- WORK REQUIRED -
Transcribe every entry word for word, but skip the images.

▶

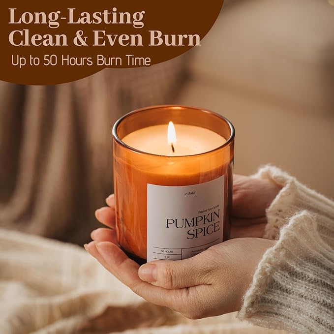 - 【Long Lasting, Clean & Even Burn】Putart's pumpkin soy candles feature lead-free cotton wicks for a stable, even burn that lasts up to 50 hours without emitting black smoke. This long burning autumn jar candle provides a delightful, enduring fragrance, perfect for homes, offices, bedrooms, or bathrooms. Whether for work, bedtime rituals, yoga, meditation, spa sessions, or baths, our candle creates an ideal atmosphere and delivers an immersive aromatic experience.
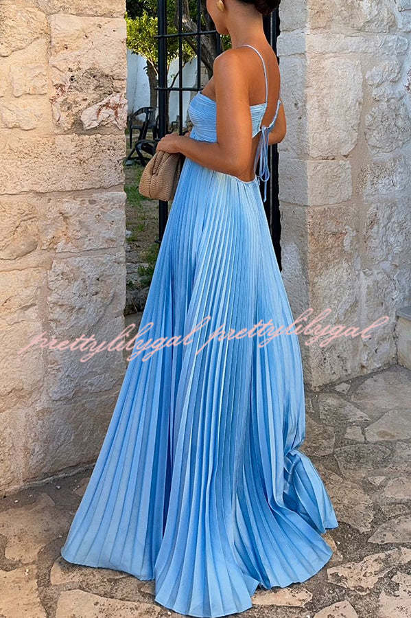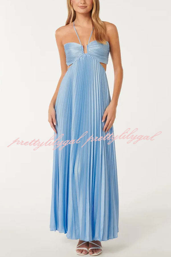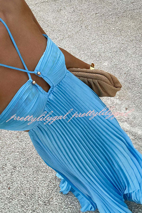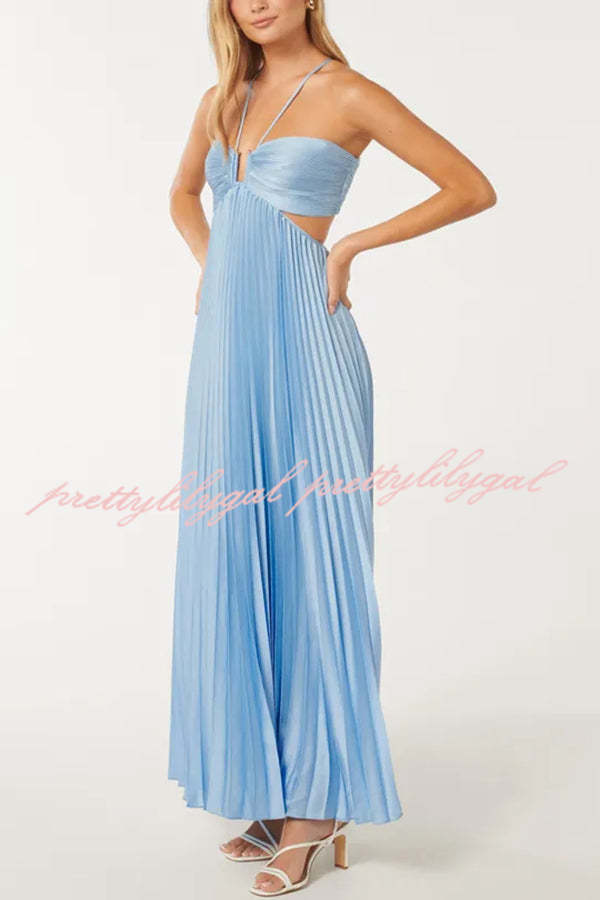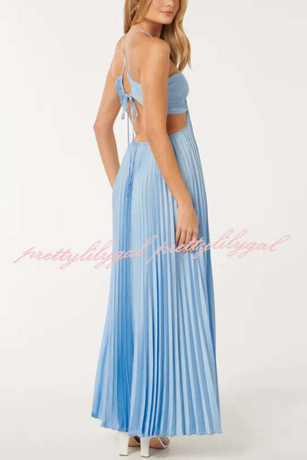Caught Your Eye Satin Pleated Cross Straps Cutout Flowing Maxi Dress
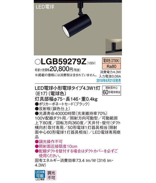 ●光源:LED電球小形電球タイプ4.3W1灯(E17)(電球色)、色温度:2700K、光源寿命40000時間(光束維持率70%)
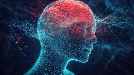 A captivating digital illustration of a human head with glowing lines and vibrant colors, representing thoughts and creativity.
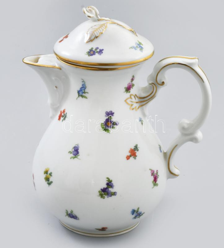 Leírás: Hüttl Tivadar Aquincum porcelán kancsó. Kézzel festett, jelzett, minimális lepattanással a rózsán 21 cm
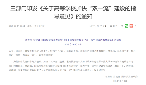 2018年8月8日教育部、财政部、国家发改委三部门联合下发《关于高等学校加快“双一流”建设的指导意见》,“双一流”指导意见赋予高校新时期国际化建设新使命——“让世界听到更多中国高校的声音”。
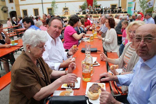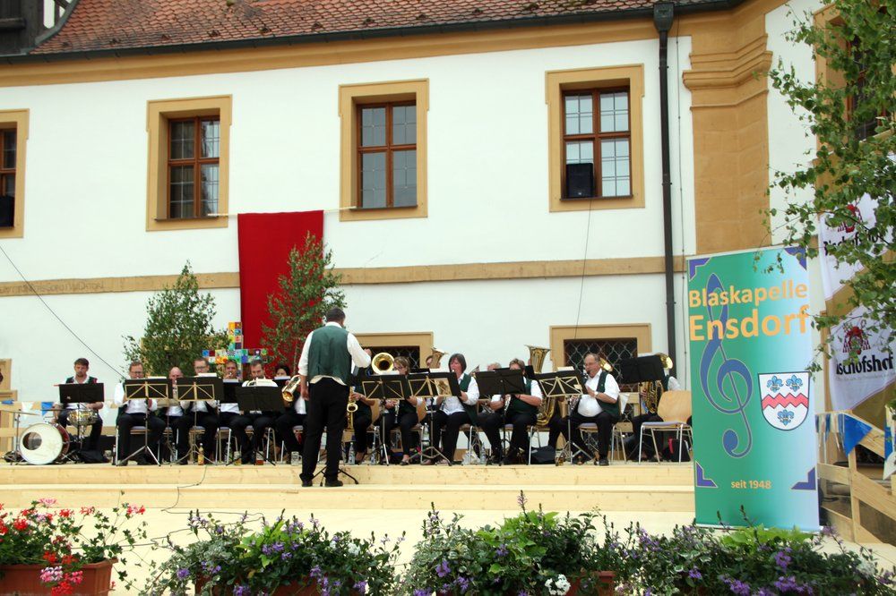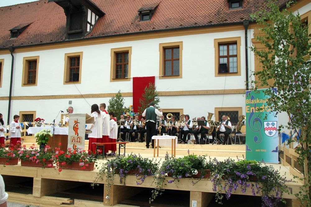 Das Fest begann mit einem feierlichen Gottesdienst im Freien auf der Bühne, den Pfarrer Pater Hermann Sturm – musikalisch umrahmt von der Blaskapelle Ensdorf unter Leitung von Hubert Haller – zelebrierte. „Was weist mich als Christ aus?“ fragte der Geistliche die vielen Gläubigen in seiner Predigt, Er zitierte aus der Bibel den Hl. Johannes: Ein Christ ist ein Mensch, der sich zu Jesus Christus bekennt, sich an seine Weisung hält. Ein Christ ohne persönliche Beziehung zu Jesus Christus ist nach Pfarrer Sturm wie ein Karton ohne Inhalt. „Glaube, Christentum wird nicht dadurch weitergegeben, indem man Menschen ein Lehrbuch in die Hand drückt, sondern durch Christen in der Familie, am Arbeitsplatz, die überzeugen und ihr Christsein leben und bezeugen. Am Beispiel gläubiger Menschen entzündet sich der Glaube.“ Letztlich gelte: „Wir sind Kirche aus lebendigen Steinen. Die Kirche ist nur so lebendig und attraktiv las es ihre Mitglieder sind. Die Zukunft der Kirche liegt in einer lebendigen Gemeinde von Jung und Alt! Viele kleine Leute an vielen kleinen Orten, die viele kleine Schritte tun, können das Gesicht der Welt verändern und so Gottes Reich erfahrbar machen.“
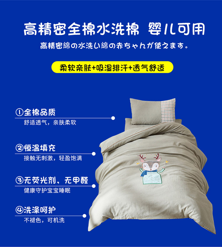 商品名称:喜多兔 2022新款小聚会高精密全棉水洗棉三件套 贝蒂小鹿
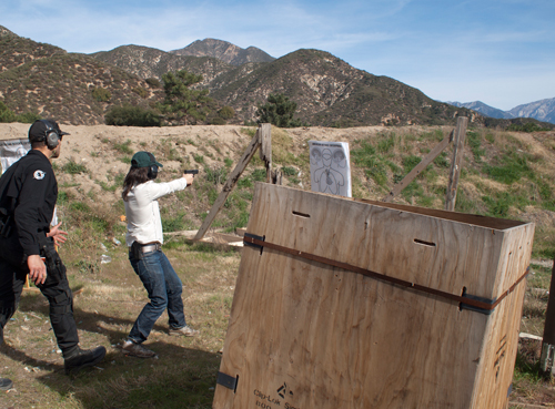 We check out our guns from a very nice group of young people all clad in black. We are issued Glocks. Glocks don’t have a traditional safety, and this totally freaks me out. But I deal with it, and I push the 9mm bullets into the cartridge and line up with everyone to listen to a very intense speech by a very intense guy named Bill who tells us how many gang members there are in Los Angeles and that gun ownership is the best way to ensure that they don’t kill us.
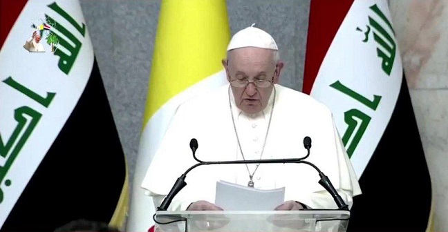 قال البابا فرنسيس بابا الفتيكان في خطاب له في كنيسة سيدة النجاة ببغداد انه ممتن لفرصة المجيء الى العراق مهد الحضارات واضاف اشكر الله على لقائنا اليوم
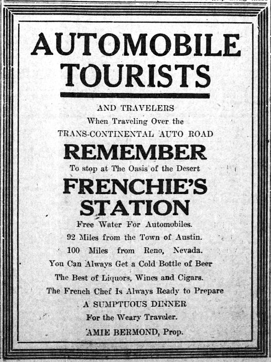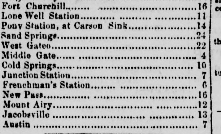 17 This table from the Marysville Daily Appeal, March 13, 1864, shows another "Frenchman's Station" 16 miles west of New Pass.
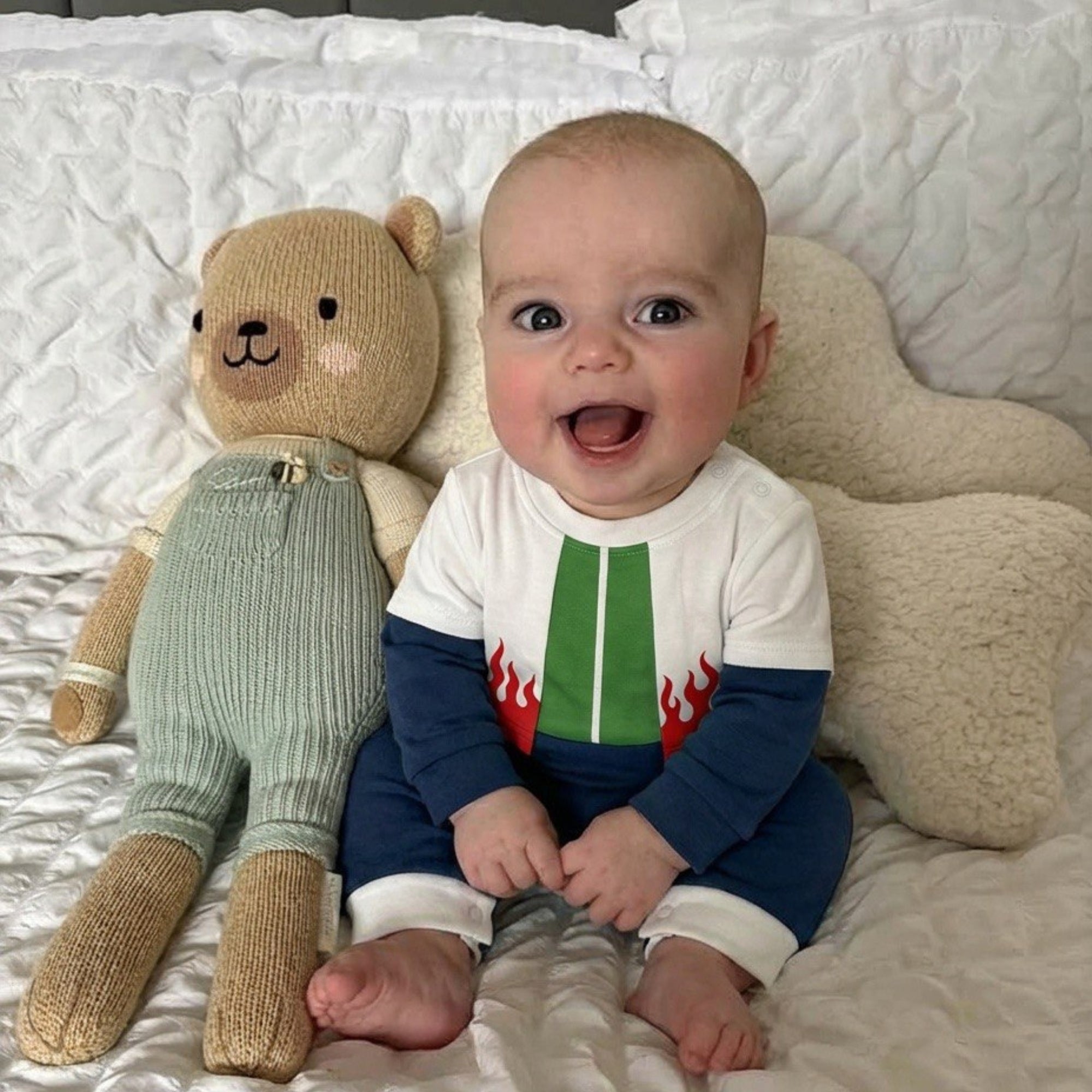 Our sizing is based on standard age measurements and tested on real babies. The fabric keeps its shape and won’t shrink over time.
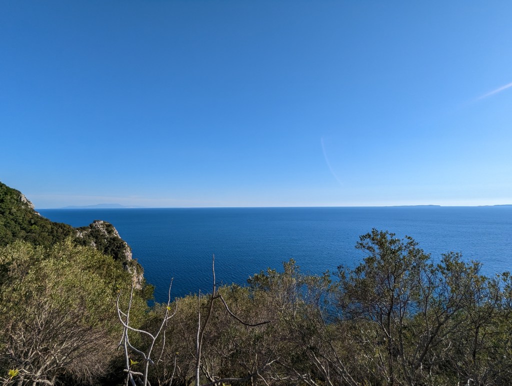 Имах намерение да спим някъде по-наблизо без да караме много. Но пък крайбрежието на Гърция е толкова пленително, пътят беше хубав и без завои, често слизахме на нивото на морето и имах чувството, че пръските на вълните разбиващи се в каменистото крайбрежие, ще се озоват на предното ни стъкло. Карането ми отпусна душата и реших да покараме до едно от местата, които бяхме набелязали, а именно плаж Маратиас. Най-много ми допадна идеята, че достъпът е лесен и изглеждаше доста закътано и спокойно. По пътя решихме да опитаме да спрем и на този закътан плаж тук, няколко километра преди Маратиас, но вече беше тъмно и обиколката с фенера показа, че нямаме никакъв шанс да достъпим плажа с голям кемпер. По-вероятно беше да слезем и да не се върнем след това тъй като наклонът беше доста сериозен.
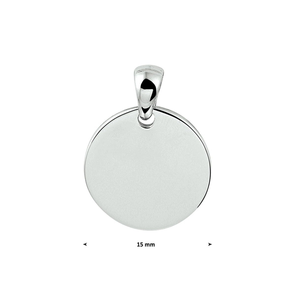 Beschrijving: Klassiek gerhodineerd zilveren ronde graveerhanger met een diameter van 15mm uitgevoerd met een stevig hangoog. Tip: Combineer deze graveerhanger met een collier uit onze collectie! Info: Gerhodineerd zilver is door de rhodiumlaag beter bestand tegen verkleuren en krassen.
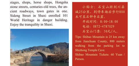 Tips: Shibao Mountain is 25 km away from Jianchuan County, 800 meters walking from the parking lot to Shizhong Temple Cave.
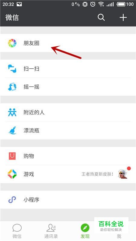 进入微信界面,选择“发现”
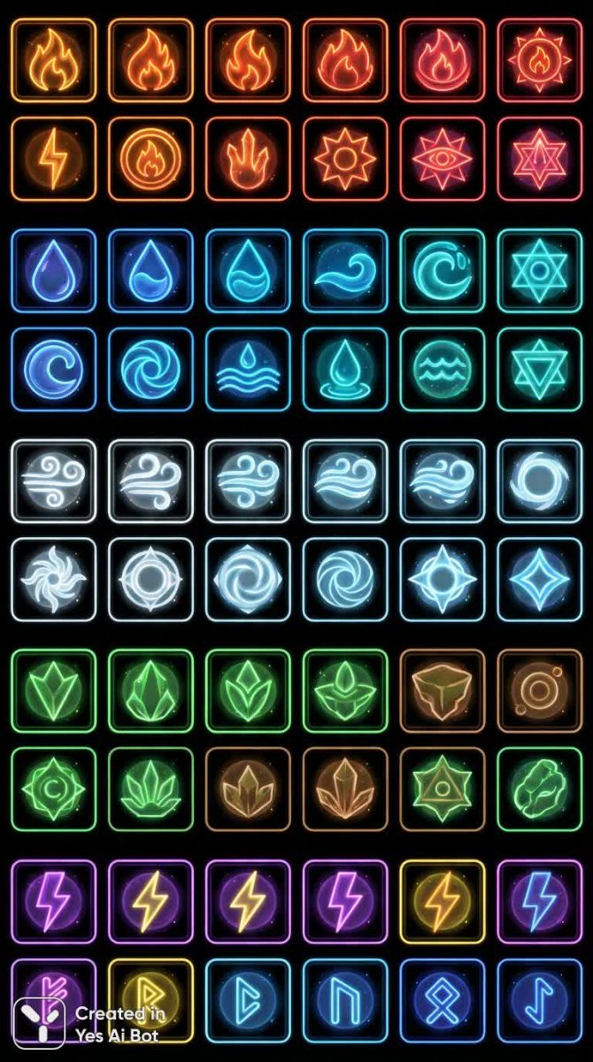 set of fantasy spell icons, 40 square badges, each with colorful magic element, fire, water, air, earth, lightning, arcane symbols, glowing line art, soft shadows, digital illustration, RPG style, vibrant neon colors, modern UI, black BG, detailed effects.

◀

- SOLVED EXERCISE -
 - 【Long Lasting, Clean & Even Burn】Putart's pumpkin soy candles feature lead-free cotton wicks for a stable, even burn that lasts up to 50 hours without emitting black smoke. This long burning autumn jar candle provides a delightful, enduring fragrance, perfect for homes, offices, bedrooms, or bathrooms. Whether for work, bedtime rituals, yoga, meditation, spa sessions, or baths, our candle creates an ideal atmosphere and delivers an immersive aromatic experience.
Caught Your Eye Satin Pleated Cross Straps Cutout Flowing Maxi Dress
 ●光源:LED電球小形電球タイプ4.3W1灯(E17)(電球色)、色温度:2700K、光源寿命40000時間(光束維持率70%)
 A captivating digital illustration of a human head with glowing lines and vibrant colors, representing thoughts and creativity.
 Leírás: Hüttl Tivadar Aquincum porcelán kancsó. Kézzel festett, jelzett, minimális lepattanással a rózsán 21 cm
 2018年8月8日教育部、财政部、国家发改委三部门联合下发《关于高等学校加快“双一流”建设的指导意见》,“双一流”指导意见赋予高校新时期国际化建设新使命——“让世界听到更多中国高校的声音”。
 Das Fest begann mit einem feierlichen Gottesdienst im Freien auf der Bühne, den Pfarrer Pater Hermann Sturm – musikalisch umrahmt von der Blaskapelle Ensdorf unter Leitung von Hubert Haller – zelebrierte. „Was weist mich als Christ aus?“ fragte der Geistliche die vielen Gläubigen in seiner Predigt, Er zitierte aus der Bibel den Hl. Johannes: Ein Christ ist ein Mensch, der sich zu Jesus Christus bekennt, sich an seine Weisung hält. Ein Christ ohne persönliche Beziehung zu Jesus Christus ist nach Pfarrer Sturm wie ein Karton ohne Inhalt. „Glaube, Christentum wird nicht dadurch weitergegeben, indem man Menschen ein Lehrbuch in die Hand drückt, sondern durch Christen in der Familie, am Arbeitsplatz, die überzeugen und ihr Christsein leben und bezeugen. Am Beispiel gläubiger Menschen entzündet sich der Glaube.“ Letztlich gelte: „Wir sind Kirche aus lebendigen Steinen. Die Kirche ist nur so lebendig und attraktiv las es ihre Mitglieder sind. Die Zukunft der Kirche liegt in einer lebendigen Gemeinde von Jung und Alt! Viele kleine Leute an vielen kleinen Orten, die viele kleine Schritte tun, können das Gesicht der Welt verändern und so Gottes Reich erfahrbar machen.“
 商品名称:喜多兔 2022新款小聚会高精密全棉水洗棉三件套 贝蒂小鹿
 We check out our guns from a very nice group of young people all clad in black. We are issued Glocks. Glocks don’t have a traditional safety, and this totally freaks me out. But I deal with it, and I push the 9mm bullets into the cartridge and line up with everyone to listen to a very intense speech by a very intense guy named Bill who tells us how many gang members there are in Los Angeles and that gun ownership is the best way to ensure that they don’t kill us.
 قال البابا فرنسيس بابا الفتيكان في خطاب له في كنيسة سيدة النجاة ببغداد انه ممتن لفرصة المجيء الى العراق مهد الحضارات واضاف اشكر الله على لقائنا اليوم
 17 This table from the Marysville Daily Appeal, March 13, 1864, shows another "Frenchman's Station" 16 miles west of New Pass.
 Our sizing is based on standard age measurements and tested on real babies. The fabric keeps its shape and won’t shrink over time.
 Имах намерение да спим някъде по-наблизо без да караме много. Но пък крайбрежието на Гърция е толкова пленително, пътят беше хубав и без завои, често слизахме на нивото на морето и имах чувството, че пръските на вълните разбиващи се в каменистото крайбрежие, ще се озоват на предното ни стъкло. Карането ми отпусна душата и реших да покараме до едно от местата, които бяхме набелязали, а именно плаж Маратиас. Най-много ми допадна идеята, че достъпът е лесен и изглеждаше доста закътано и спокойно. По пътя решихме да опитаме да спрем и на този закътан плаж тук, няколко километра преди Маратиас, но вече беше тъмно и обиколката с фенера показа, че нямаме никакъв шанс да достъпим плажа с голям кемпер. По-вероятно беше да слезем и да не се върнем след това тъй като наклонът беше доста сериозен.
 Beschrijving: Klassiek gerhodineerd zilveren ronde graveerhanger met een diameter van 15mm uitgevoerd met een stevig hangoog. Tip: Combineer deze graveerhanger met een collier uit onze collectie! Info: Gerhodineerd zilver is door de rhodiumlaag beter bestand tegen verkleuren en krassen.
 Tips: Shibao Mountain is 25 km away from Jianchuan County, 800 meters walking from the parking lot to Shizhong Temple Cave.
 进入微信界面,选择“发现”
 set of fantasy spell icons, 40 square badges, each with colorful magic element, fire, water, air, earth, lightning, arcane symbols, glowing line art, soft shadows, digital illustration, RPG style, vibrant neon colors, modern UI, black BG, detailed effects.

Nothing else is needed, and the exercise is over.